_Provided material_
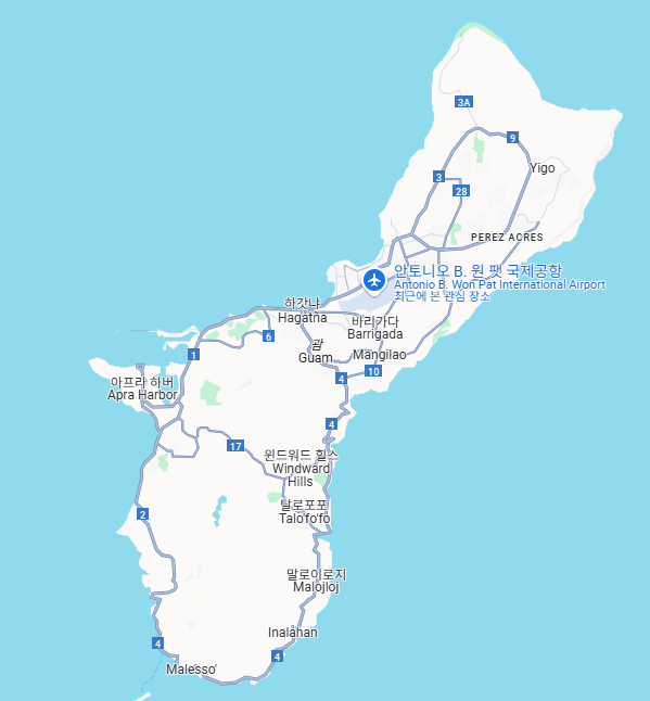 괌은 미국령 마리아나 제도의 가장 큰 섬으로, 필리핀 해와 태평양의 경계에 위치해 있습니다.
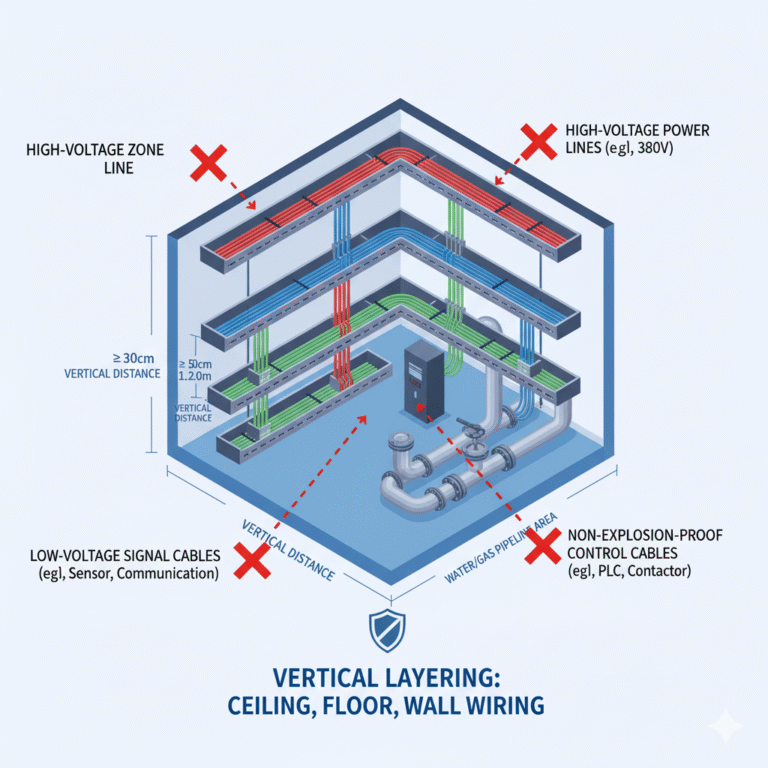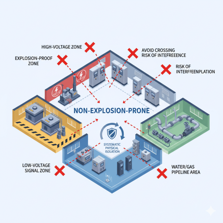 When wiring in non-explosion-proof zones, it’s crucial to prevent intersections with other areas such as explosion-proof zones, high-voltage zones, low-voltage signal zones, and water/gas pipeline areas. The primary goal is to avoid interference, mitigate safety risks like leakage or short circuits, and ensure system stability. This can be achieved through systematic design focused on physical isolation, path planning, and wiring standards. Below are the key approaches.
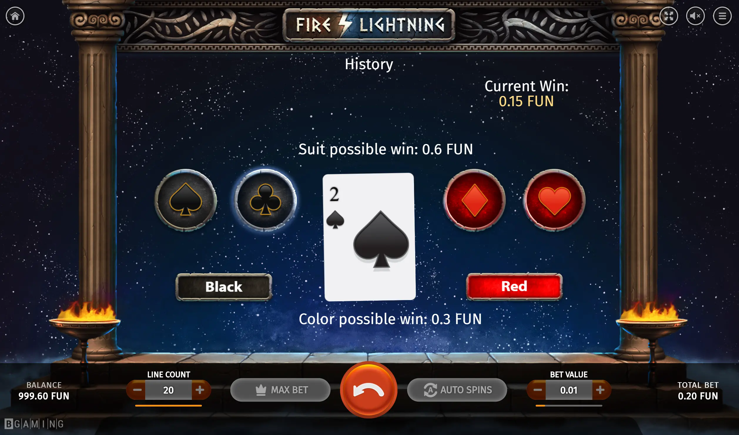 The Gamble round becomes available after any winning in the main game. Players should guess the color or the suit to increase the winning.
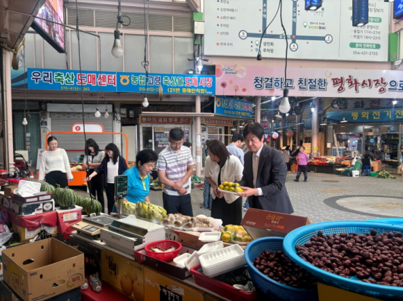 이날 장보기 활동에는 복지기획과 직원 12명이 참여해 시장 곳곳을 돌며 상인들과 소통하면서 애로사항을 청취하고, 응원의 메시지를 전달하는 등 따뜻한 명절 분위기 조성에 힘썼다. 특히, 온누리상품권과 김천사랑상품권을 활용해 제수 용품과 추석 선물을 구입하고, 인근 식당에서 점심을 함께하며 전통시장 활성화에도 실질적인 도움을 보탰다.

_What to do_
Lines from the one containing "The Gamble round" through the end of the material above must be reproduced exactly; pictures must not be.

_Solution for this exercise_
 The Gamble round becomes available after any winning in the main game. Players should guess the color or the suit to increase the winning.
 이날 장보기 활동에는 복지기획과 직원 12명이 참여해 시장 곳곳을 돌며 상인들과 소통하면서 애로사항을 청취하고, 응원의 메시지를 전달하는 등 따뜻한 명절 분위기 조성에 힘썼다. 특히, 온누리상품권과 김천사랑상품권을 활용해 제수 용품과 추석 선물을 구입하고, 인근 식당에서 점심을 함께하며 전통시장 활성화에도 실질적인 도움을 보탰다.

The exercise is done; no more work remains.